The group — Charlotte Flynn, Ryan Senkbile and Darren Williams — gained valuable professional knowledge and learned how, like JMC, the installation is aligned with the Army’s priorities of modernization, readiness, and people.
“These types of visits enable the employees at JMC’s headquarters to better understand the work they do and how it impacts the Soldiers in the field, as well as the ammunition supply points that we coordinate munitions deliveries with to support those Soldiers,” Senkbile said.
The contingent participated in the Ammunition Requirements Management Work Group at the U.S. Army Forces Command, which is the largest Army command and a provider of expeditionary, regionally engaged, campaign-capable land forces to combatant commanders.
The primary objective of this work group was to provide training and guidance to commands, ensuring the validation of ammunition requirements for the upcoming Fiscal Years of 2024 and 2025. Attendees established face-to-face connections and recognized the importance of in-person interactions in fostering engagement and strengthening collaborative efforts.
The team of JMC reps participated in a session overseen by Chief Warrant Officer Two Caleb Scott, who serves as the Support Operations Ammunition Warrant Officer for the 82nd Airborne Division Sustainment Brigade. The 82nd Airborne is responsible for strategic deployment, parachute assault for forcible entry, and securing important objectives, all within an impressive 18-hour timeframe. Scott is focused on modernizing his team's efforts, and he holds an invaluable role in the operations of Fort Liberty.

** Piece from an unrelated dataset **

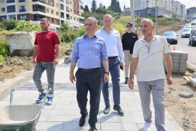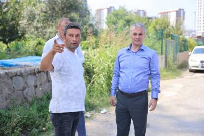 Kaşüstü Mahallesi Muratlı Caddesi’nde (Hastane Yolu) Trabzon Büyükşehir Belediyesi tarafından yapımına devam edilen kaldırım çalışmalarını yerinde inceledi.

JMC’s trio also acquired a better understanding of the vital role played by riggers in packing, maintaining, and repairing parachutes. Witnessing the dedication and courage displayed by these Soldiers, regardless of their rank, reaffirmed the importance of trust within the Army's culture and its indispensable role in achieving successful missions.

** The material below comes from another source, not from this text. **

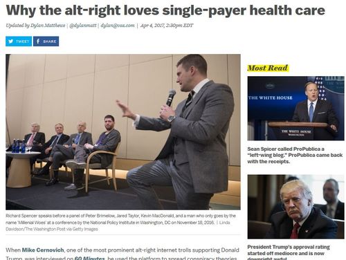 As VOX notes, an increasing number of people on the Alt Right are supporting single payer. But the main obstacle is the existing Republican Party.

The JMC staff that visited directly supports the 82nd Airborne providing the munitions that are part of these strategic deployment packages that are rigged to meet the timeline for the 82nd.

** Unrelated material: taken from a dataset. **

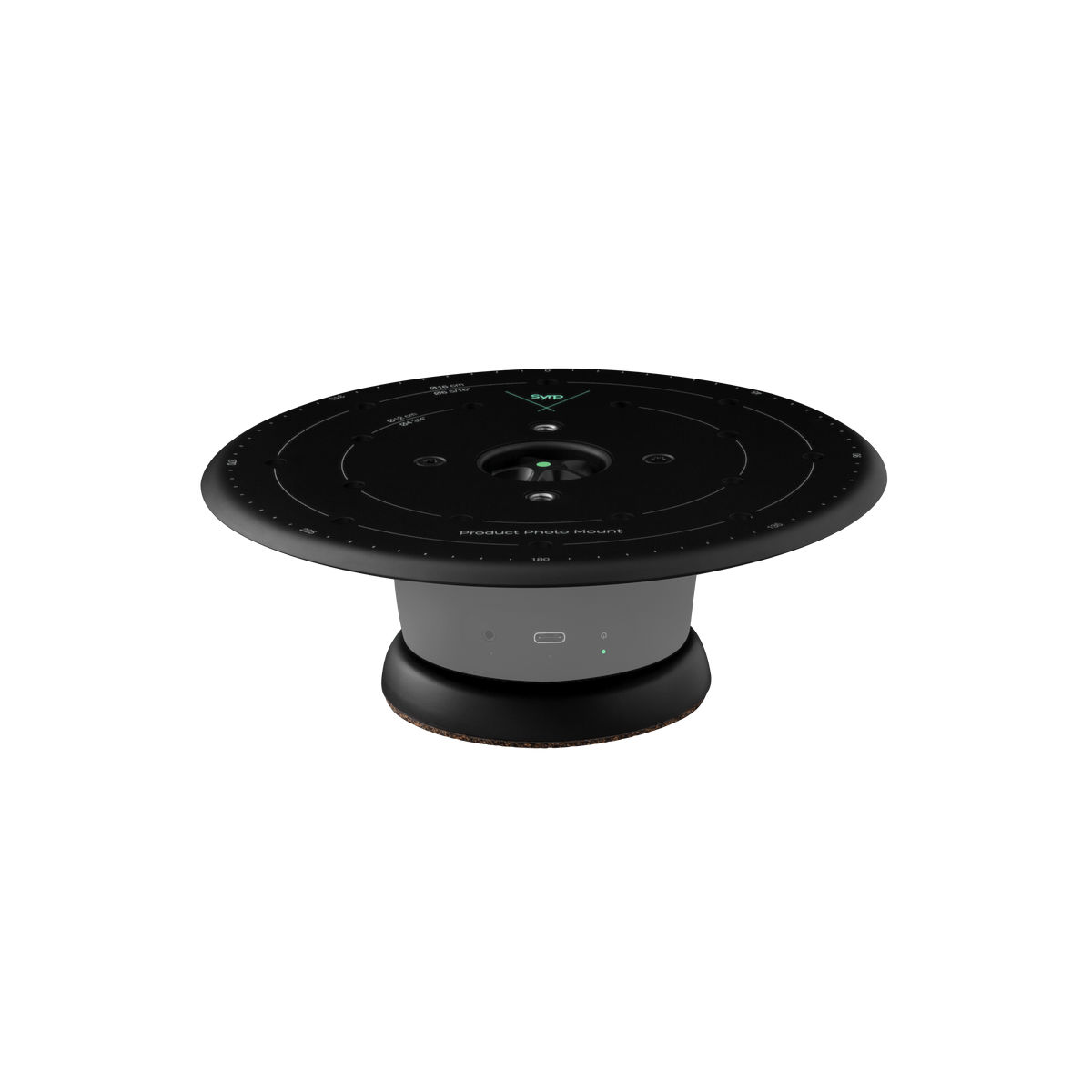 Meant to be used with the Genie Mini II Time-Lapse Rotator, the 8" Aluminum Turntable Platform from Syrp has a cheese-plate design with several 1/4"-20 taps in its surface for securing products weighing up to 8.8 lb. Thanks to the taps, you can use the Genie/Turntable combination upside down or mounted to the wall. Mounted to the Genie Mini, the turntable will make a 360-degree rotation in 33 seconds. The Turntable Platform comes with a white and a black cardboard background disk. A downloadable template is available on Syrp's website for do-it-yourself mounting setups.

Additionally, Flynn, Senkbile and Williams visited the U.S. Army Special Operations Command headquarters. The primary mission of USASOC is to prepare for any conflict and equip the joint force with world-class Army Special Operations Forces. A briefing at USASOC highlighted the significant contribution of Civilians in providing essential support to ensure the success of Soldiers. This provided Flynn, Senkbile and Williams with a greater comprehension of the collaborative efforts necessary to maintain the readiness of the Joint Force for various operational challenges.
This meeting also provided the trio a better understanding of the unique ammunition requirements and needs for USASOC. The team that visited is tied to the distribution of these unique items whether for training in the contiguous United States or for missions being conducted outside the contiguous as USASOC provides partnership training with local national forces.
“The knowledge gained during this trip gave Ms. Flynn and Mr. Williams a greater understanding of how munitions requirements are formed, the work that is done at the Army commands in order to identify those requirements, and how we at JMC support them,” Senkbile said.